=== TASK MATERIAL ===
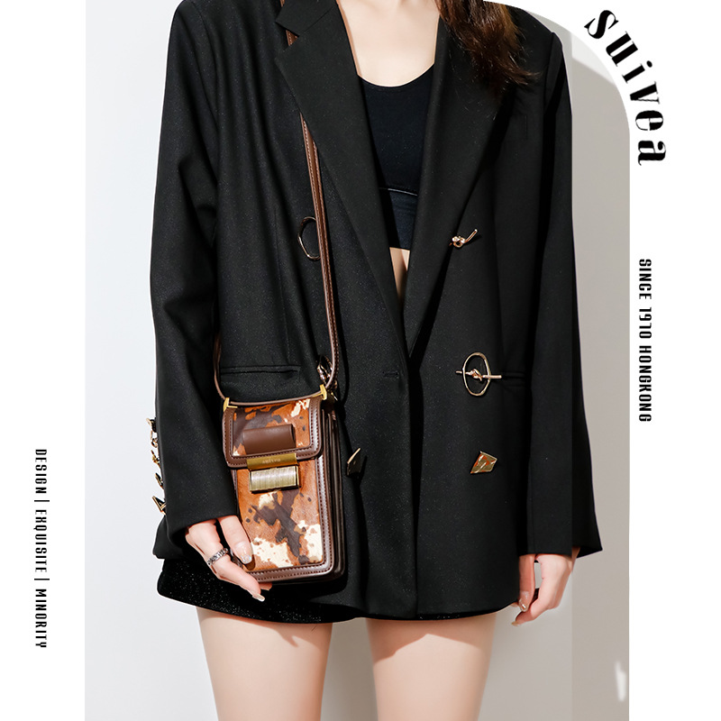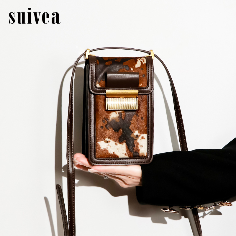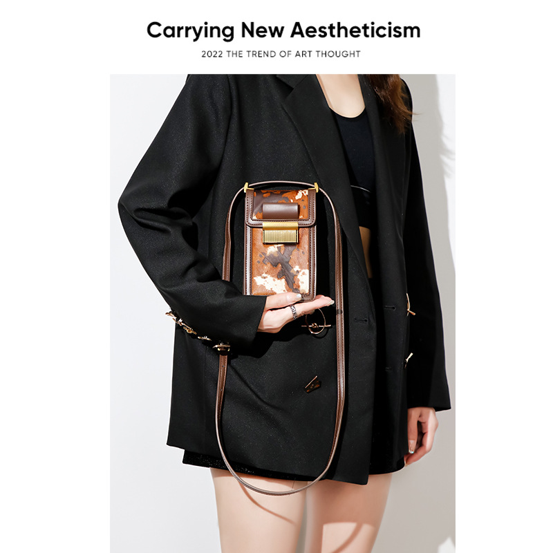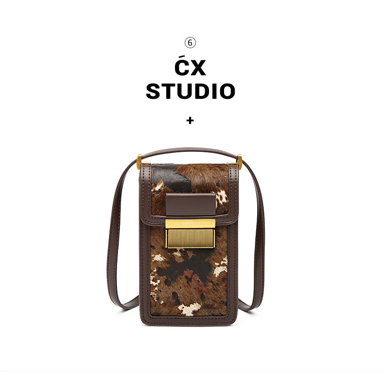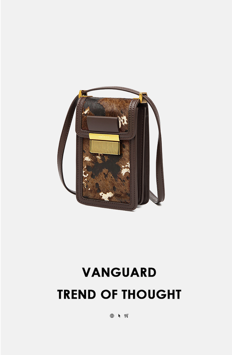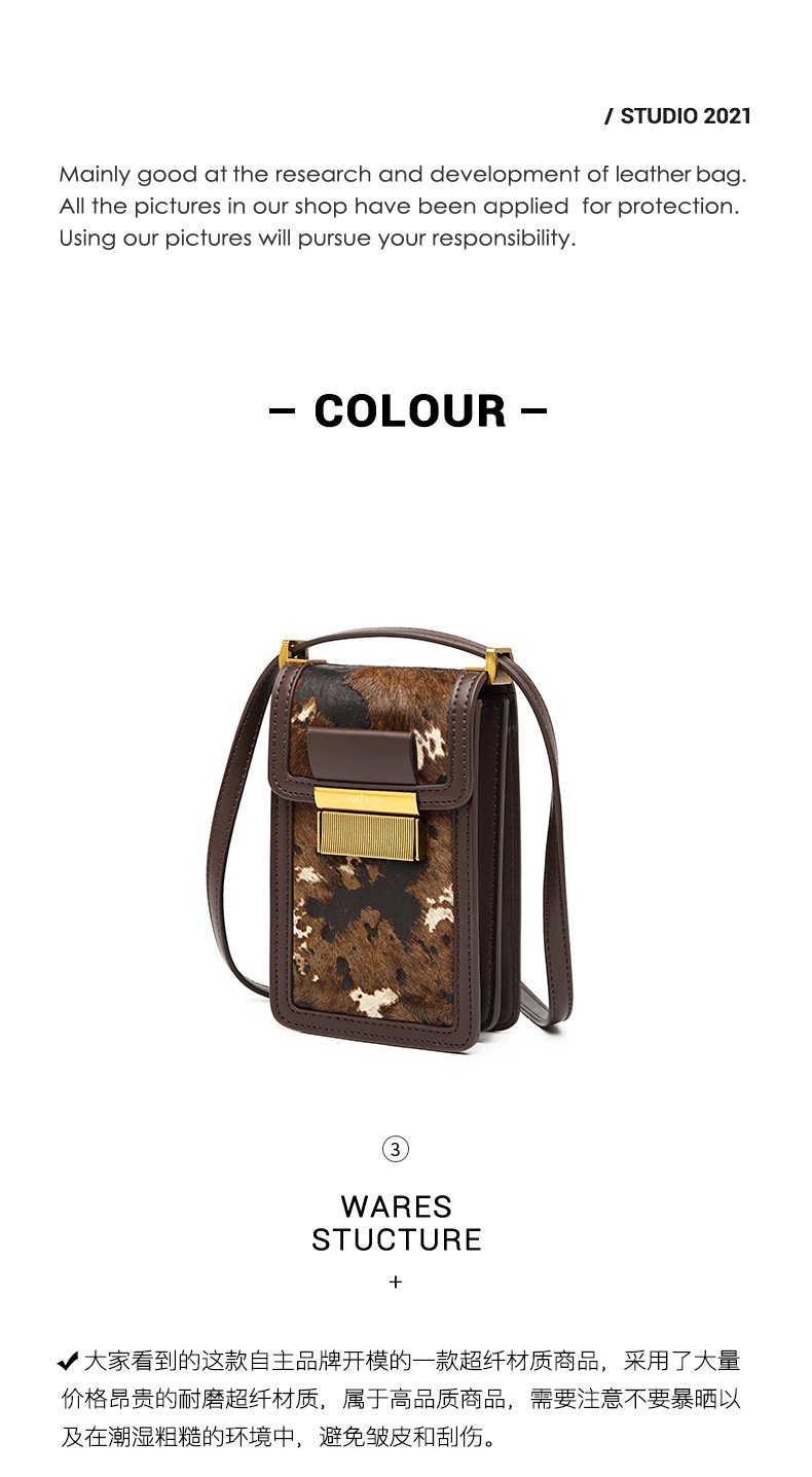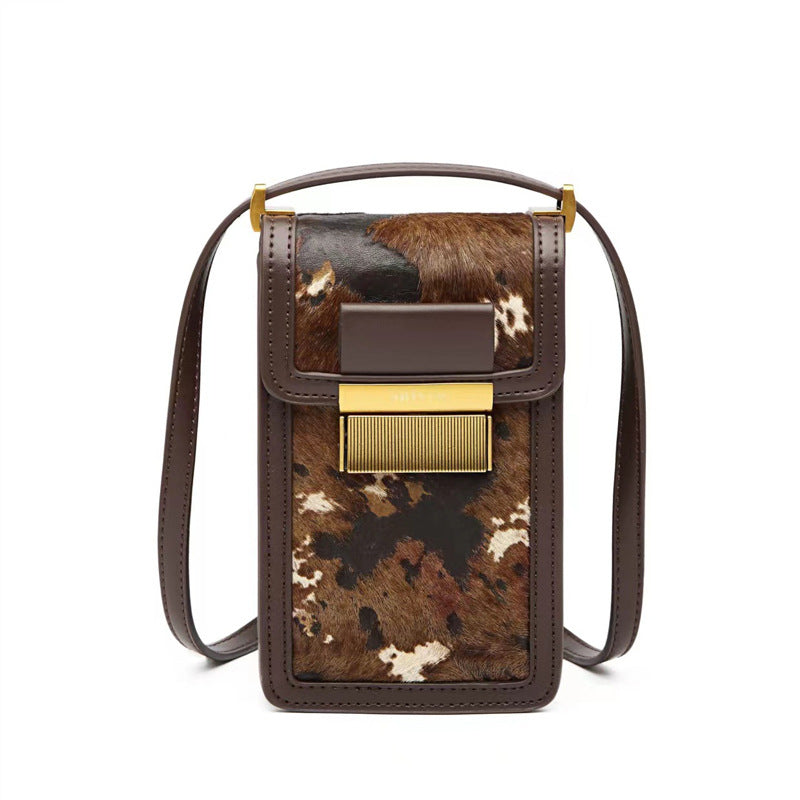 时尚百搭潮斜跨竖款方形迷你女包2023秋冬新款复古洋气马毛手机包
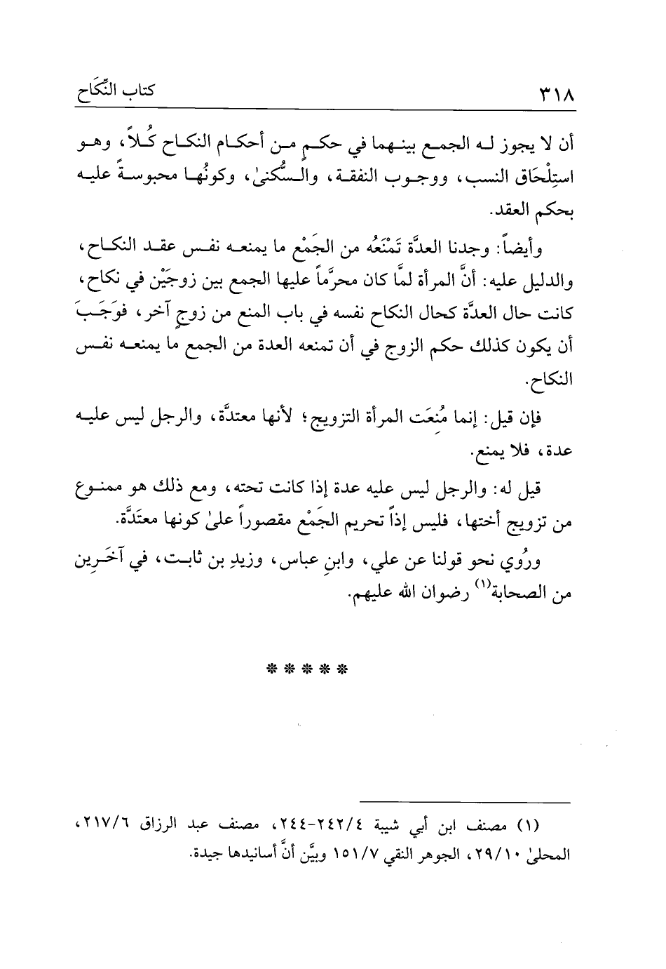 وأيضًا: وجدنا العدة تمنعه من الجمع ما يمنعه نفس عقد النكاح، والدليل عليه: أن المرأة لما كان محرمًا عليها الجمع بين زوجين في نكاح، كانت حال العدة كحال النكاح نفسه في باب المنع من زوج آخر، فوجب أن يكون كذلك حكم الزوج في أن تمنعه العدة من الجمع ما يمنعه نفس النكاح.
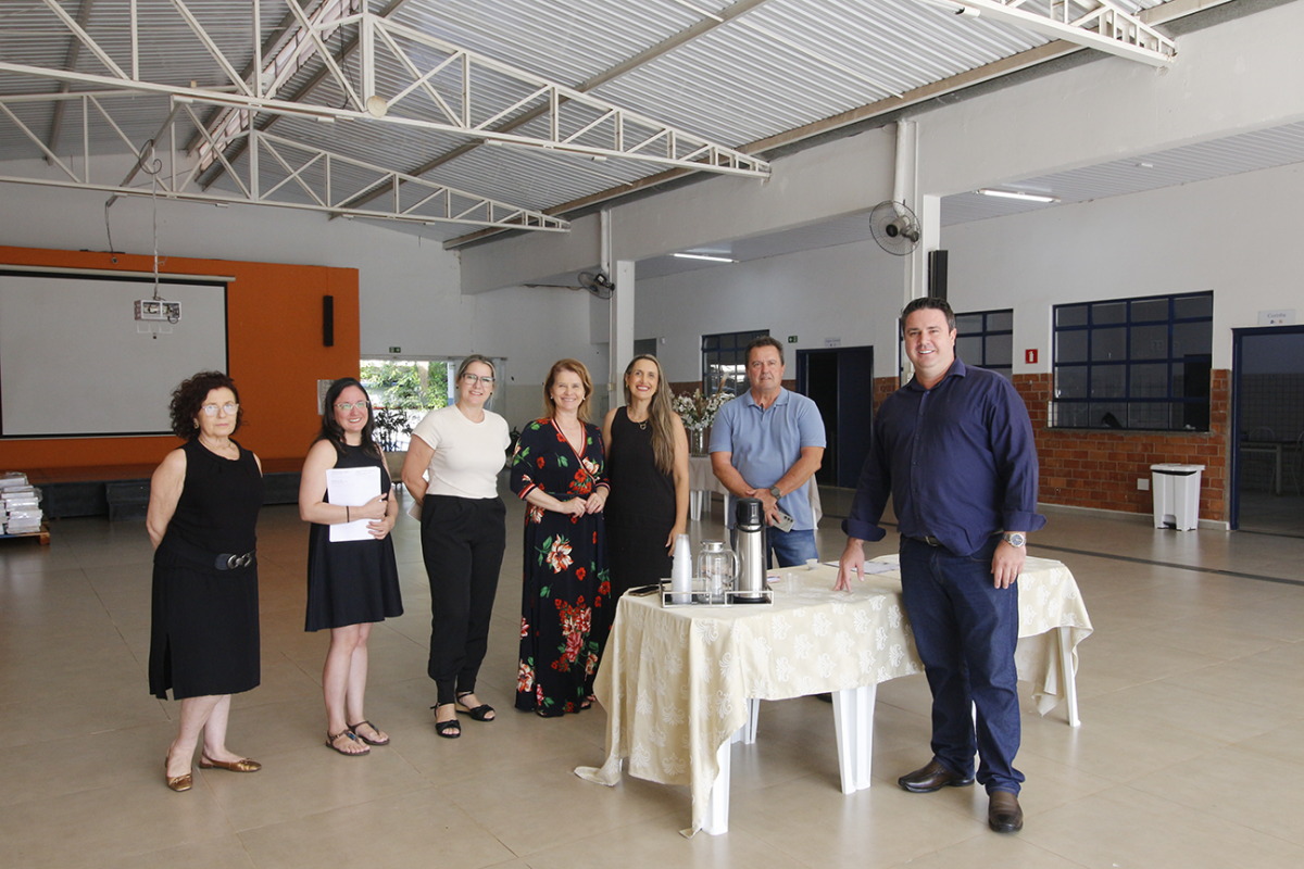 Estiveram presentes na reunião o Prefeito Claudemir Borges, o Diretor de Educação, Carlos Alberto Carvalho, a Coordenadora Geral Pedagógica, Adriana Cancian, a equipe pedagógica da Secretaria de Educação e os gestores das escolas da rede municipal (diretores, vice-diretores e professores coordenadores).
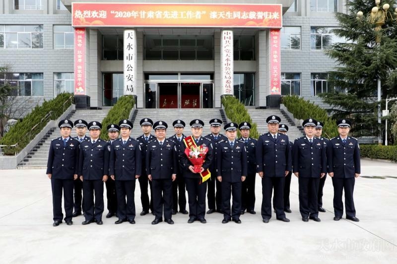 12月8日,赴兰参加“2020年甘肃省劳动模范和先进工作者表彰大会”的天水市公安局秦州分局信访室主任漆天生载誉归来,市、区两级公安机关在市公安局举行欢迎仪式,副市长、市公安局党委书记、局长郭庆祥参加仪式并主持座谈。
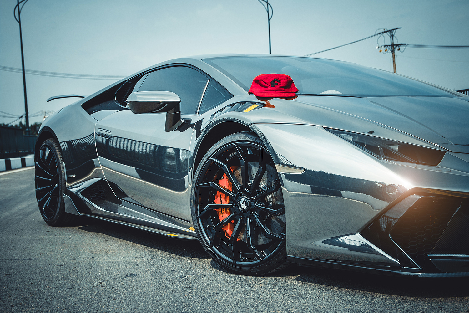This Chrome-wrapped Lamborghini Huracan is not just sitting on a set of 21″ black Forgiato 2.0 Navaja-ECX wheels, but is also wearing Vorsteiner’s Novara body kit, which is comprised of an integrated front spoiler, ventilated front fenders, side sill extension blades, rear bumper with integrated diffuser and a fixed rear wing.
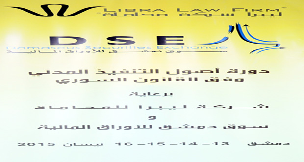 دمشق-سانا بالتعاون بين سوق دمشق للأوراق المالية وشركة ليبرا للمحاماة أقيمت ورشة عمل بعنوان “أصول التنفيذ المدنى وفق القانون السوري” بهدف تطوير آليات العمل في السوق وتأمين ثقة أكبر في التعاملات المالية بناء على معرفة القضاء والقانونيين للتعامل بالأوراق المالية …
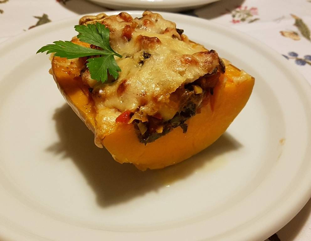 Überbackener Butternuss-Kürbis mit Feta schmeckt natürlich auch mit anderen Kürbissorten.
===
Would you transcribe each of the entries exactly, skipping the pictures?

 时尚百搭潮斜跨竖款方形迷你女包2023秋冬新款复古洋气马毛手机包
 وأيضًا: وجدنا العدة تمنعه من الجمع ما يمنعه نفس عقد النكاح، والدليل عليه: أن المرأة لما كان محرمًا عليها الجمع بين زوجين في نكاح، كانت حال العدة كحال النكاح نفسه في باب المنع من زوج آخر، فوجب أن يكون كذلك حكم الزوج في أن تمنعه العدة من الجمع ما يمنعه نفس النكاح.
 Estiveram presentes na reunião o Prefeito Claudemir Borges, o Diretor de Educação, Carlos Alberto Carvalho, a Coordenadora Geral Pedagógica, Adriana Cancian, a equipe pedagógica da Secretaria de Educação e os gestores das escolas da rede municipal (diretores, vice-diretores e professores coordenadores).
 12月8日,赴兰参加“2020年甘肃省劳动模范和先进工作者表彰大会”的天水市公安局秦州分局信访室主任漆天生载誉归来,市、区两级公安机关在市公安局举行欢迎仪式,副市长、市公安局党委书记、局长郭庆祥参加仪式并主持座谈。
This Chrome-wrapped Lamborghini Huracan is not just sitting on a set of 21″ black Forgiato 2.0 Navaja-ECX wheels, but is also wearing Vorsteiner’s Novara body kit, which is comprised of an integrated front spoiler, ventilated front fenders, side sill extension blades, rear bumper with integrated diffuser and a fixed rear wing.
 دمشق-سانا بالتعاون بين سوق دمشق للأوراق المالية وشركة ليبرا للمحاماة أقيمت ورشة عمل بعنوان “أصول التنفيذ المدنى وفق القانون السوري” بهدف تطوير آليات العمل في السوق وتأمين ثقة أكبر في التعاملات المالية بناء على معرفة القضاء والقانونيين للتعامل بالأوراق المالية …
 Überbackener Butternuss-Kürbis mit Feta schmeckt natürlich auch mit anderen Kürbissorten.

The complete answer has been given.